We have seen that signatures and public keys in a bitcoin transaction come as parts of scripts, and that verifying a signature is equivalent to executing a script built out of a transaction input and the corresponding transaction output. Theoretically, this approach is extremely flexible – we could use any valid script and obtain a valid bitcoin transaction.
However, in practice, the bitcoin reference implementation has a few built in checks that restrict the set of scripts that are accepted, and also the scripting language itself has some limitations, there are, for instance, no loops. This has several reasons.
The first reason is the possibility of a denial-of-service attack on a bitcoin node. Suppose the scripting language were powerful enough to build a program that never terminates. When a transaction containing such a script is validated by a node, it starts the scripting engine to validate the transaction and gets stuck in an infinite loop, thus blocking at least one thread forever. Even worse, a very powerful and complicated scrip could leverage errors in the implementation of the scripting engine and so malicious code could be injected into a bitcoin node as part of a transaction. Thus, from a security point of view, it makes sense to place some limitations on the set of allowed scripts.

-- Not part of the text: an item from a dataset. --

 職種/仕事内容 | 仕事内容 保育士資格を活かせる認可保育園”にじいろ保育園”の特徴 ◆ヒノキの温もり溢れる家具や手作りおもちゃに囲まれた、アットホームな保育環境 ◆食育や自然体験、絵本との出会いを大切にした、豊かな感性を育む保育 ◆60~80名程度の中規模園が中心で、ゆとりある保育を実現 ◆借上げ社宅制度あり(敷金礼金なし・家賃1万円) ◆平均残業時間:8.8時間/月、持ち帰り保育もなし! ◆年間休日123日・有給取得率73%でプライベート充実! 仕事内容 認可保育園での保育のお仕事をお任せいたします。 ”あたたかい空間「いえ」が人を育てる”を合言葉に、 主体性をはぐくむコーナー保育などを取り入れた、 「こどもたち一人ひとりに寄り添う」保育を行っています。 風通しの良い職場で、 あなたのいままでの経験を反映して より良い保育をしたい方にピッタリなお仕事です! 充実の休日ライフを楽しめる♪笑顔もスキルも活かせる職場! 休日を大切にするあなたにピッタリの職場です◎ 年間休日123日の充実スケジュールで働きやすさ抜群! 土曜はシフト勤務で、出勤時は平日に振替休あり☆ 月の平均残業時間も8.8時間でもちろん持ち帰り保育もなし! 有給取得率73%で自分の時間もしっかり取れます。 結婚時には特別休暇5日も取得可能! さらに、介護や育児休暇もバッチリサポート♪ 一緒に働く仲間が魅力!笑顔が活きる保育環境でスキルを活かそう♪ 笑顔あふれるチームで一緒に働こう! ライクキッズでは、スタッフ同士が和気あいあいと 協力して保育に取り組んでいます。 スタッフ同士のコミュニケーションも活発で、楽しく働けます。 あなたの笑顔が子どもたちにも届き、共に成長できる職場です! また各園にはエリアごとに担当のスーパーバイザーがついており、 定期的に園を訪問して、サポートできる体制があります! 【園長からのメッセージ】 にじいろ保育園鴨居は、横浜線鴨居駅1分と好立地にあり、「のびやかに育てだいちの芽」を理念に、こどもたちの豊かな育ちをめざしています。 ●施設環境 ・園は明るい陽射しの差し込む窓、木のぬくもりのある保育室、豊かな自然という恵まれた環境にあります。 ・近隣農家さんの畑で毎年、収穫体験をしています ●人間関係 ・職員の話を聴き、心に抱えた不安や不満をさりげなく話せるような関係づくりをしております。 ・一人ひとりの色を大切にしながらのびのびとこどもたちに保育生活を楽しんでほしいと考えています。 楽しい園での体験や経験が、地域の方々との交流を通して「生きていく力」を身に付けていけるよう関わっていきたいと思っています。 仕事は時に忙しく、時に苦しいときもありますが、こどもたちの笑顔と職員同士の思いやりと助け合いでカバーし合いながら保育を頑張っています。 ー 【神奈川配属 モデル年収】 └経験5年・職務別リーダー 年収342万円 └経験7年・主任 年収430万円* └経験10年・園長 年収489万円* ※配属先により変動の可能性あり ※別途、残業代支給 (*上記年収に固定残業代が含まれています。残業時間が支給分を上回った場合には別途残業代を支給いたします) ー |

However, there is another, more subtle reason which is a consequence of the fact that, if a bitcoin transaction is signed, the signature script is not part of the data to which the signature is actually applied, as we will see in a later post. To illustrate why this could be a problem, suppose Alice owes Bob 50 bitcoins and makes a corresponding payment. So she would assemble a transaction – let me call that A – and sign it with her private key. She would then publish that transaction in the network. For bookkeeping purposes, her wallet would probably remember the ID of the transaction. By convention, the ID of a bitcoin transaction is simply its hash value.
Bob could now try the following attack. He could obtain the transaction from the network before it is added to a block, change its signature script by adding some code to the script that essentially does nothing, and publish that transaction as transaction B, as indicated below.

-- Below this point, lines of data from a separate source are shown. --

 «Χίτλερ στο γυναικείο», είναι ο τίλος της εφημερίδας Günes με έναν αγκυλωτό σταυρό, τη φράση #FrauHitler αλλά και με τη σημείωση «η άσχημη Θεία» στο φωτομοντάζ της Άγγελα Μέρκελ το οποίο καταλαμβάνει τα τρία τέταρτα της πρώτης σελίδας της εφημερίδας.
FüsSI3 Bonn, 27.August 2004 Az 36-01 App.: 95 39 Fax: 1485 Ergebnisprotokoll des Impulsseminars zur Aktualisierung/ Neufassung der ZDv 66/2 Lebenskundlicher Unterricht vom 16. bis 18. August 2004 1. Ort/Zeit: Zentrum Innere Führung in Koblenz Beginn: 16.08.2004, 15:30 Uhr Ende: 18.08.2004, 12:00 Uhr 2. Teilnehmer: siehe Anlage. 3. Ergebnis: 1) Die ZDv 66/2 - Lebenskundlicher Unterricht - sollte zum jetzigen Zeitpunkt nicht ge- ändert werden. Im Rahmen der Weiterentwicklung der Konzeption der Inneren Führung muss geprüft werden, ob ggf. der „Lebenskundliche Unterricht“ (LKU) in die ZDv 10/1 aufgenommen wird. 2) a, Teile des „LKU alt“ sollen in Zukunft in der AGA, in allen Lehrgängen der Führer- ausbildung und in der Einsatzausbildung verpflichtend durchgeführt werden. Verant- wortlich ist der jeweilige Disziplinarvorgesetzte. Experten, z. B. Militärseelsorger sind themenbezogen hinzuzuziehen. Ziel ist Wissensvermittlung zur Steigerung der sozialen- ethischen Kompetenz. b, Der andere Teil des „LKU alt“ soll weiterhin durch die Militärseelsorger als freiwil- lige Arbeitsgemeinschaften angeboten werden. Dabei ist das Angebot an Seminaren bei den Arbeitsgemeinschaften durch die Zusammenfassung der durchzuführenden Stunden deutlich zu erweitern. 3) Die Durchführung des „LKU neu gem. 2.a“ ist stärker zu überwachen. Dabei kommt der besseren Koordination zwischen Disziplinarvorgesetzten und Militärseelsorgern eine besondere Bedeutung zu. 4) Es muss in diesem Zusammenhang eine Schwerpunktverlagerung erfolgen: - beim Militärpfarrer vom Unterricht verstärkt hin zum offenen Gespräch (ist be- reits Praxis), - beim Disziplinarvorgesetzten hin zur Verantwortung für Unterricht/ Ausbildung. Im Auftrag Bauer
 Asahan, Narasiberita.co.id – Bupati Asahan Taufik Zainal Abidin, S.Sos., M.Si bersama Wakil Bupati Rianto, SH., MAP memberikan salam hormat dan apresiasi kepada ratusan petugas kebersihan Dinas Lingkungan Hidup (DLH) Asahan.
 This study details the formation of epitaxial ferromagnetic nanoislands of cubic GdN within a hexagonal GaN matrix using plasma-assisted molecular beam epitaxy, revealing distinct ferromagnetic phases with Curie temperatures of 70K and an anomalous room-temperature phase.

If the new, updated signature script is functionally equivalent to the script contained in A, both transactions would be valid. Moreover, both refer to the same unspent transaction output. However, as they have different signature scripts, they have different hash values and therefore different transaction IDs.
What Bob is hoping for is that the manipulated transaction B created by him is picked up by a miner first and added to a block. Bob would then obtain the bitcoin payment. However, Alice transaction A would be rejected due to double spend! Therefore Bob could now approach Alice and claim that he never received the payment. If Alice checks the status of the transaction ID that she knowns – that of transaction A – she would in fact learn that the transaction has been rejected by the network. In the worst case, she would feel obliged to initiate another payment, and Bob would receive the amount twice.
A similar situation could arise if Bob simply alters the signature created by Alice by replacing s by -s. This would still be a valid signature, but also changes the hash value and therefore the transaction ID.
This is the weakness that has been termed transaction malleability – the ability to modify a transaction without having to sign it again.
Can that be exploited to actually steal bitcoins? Well, maybe. Suppose that Alice is in fact a bitcoin exchange like Mt Gox, managing a large amount of bitcoins for different users. Suppose further that this exchange has implemented a wallet that automatically re-issues a transaction if the first transaction is rejected by the network. In this case, a malicious attacker like Bob could request withdrawals from the exchange, i.e. transfer to his own bitcoin address, and could then create and post modified transactions for each of the resulting transactions generated by the exchange. Even if only a certain percentage of the modified transactions are actually included in the blockchain, this could in fact lead to multiple payments triggered in favor of Bob, so that Bob can actually steal a significant amount of bitcoins from the exchange.
With BIP 62 and BIP 66, certain standards for scripts and the decoding of the signature are enforced to avoid these issues. With the segregated witness features (BIP 141 (Segregated witness)), additional protection is implemented as the signature is no longer part of the transaction that is signed. This at least addresses the currently known sources of transaction malleability. However, as always, this does not guarantee that similar flaws will not be detected and actively exploited in the future. The lesson is obvious – like any other complex distributed system, the blockchain is not immune to this kind of problems and will never be – developers and users should be aware of this.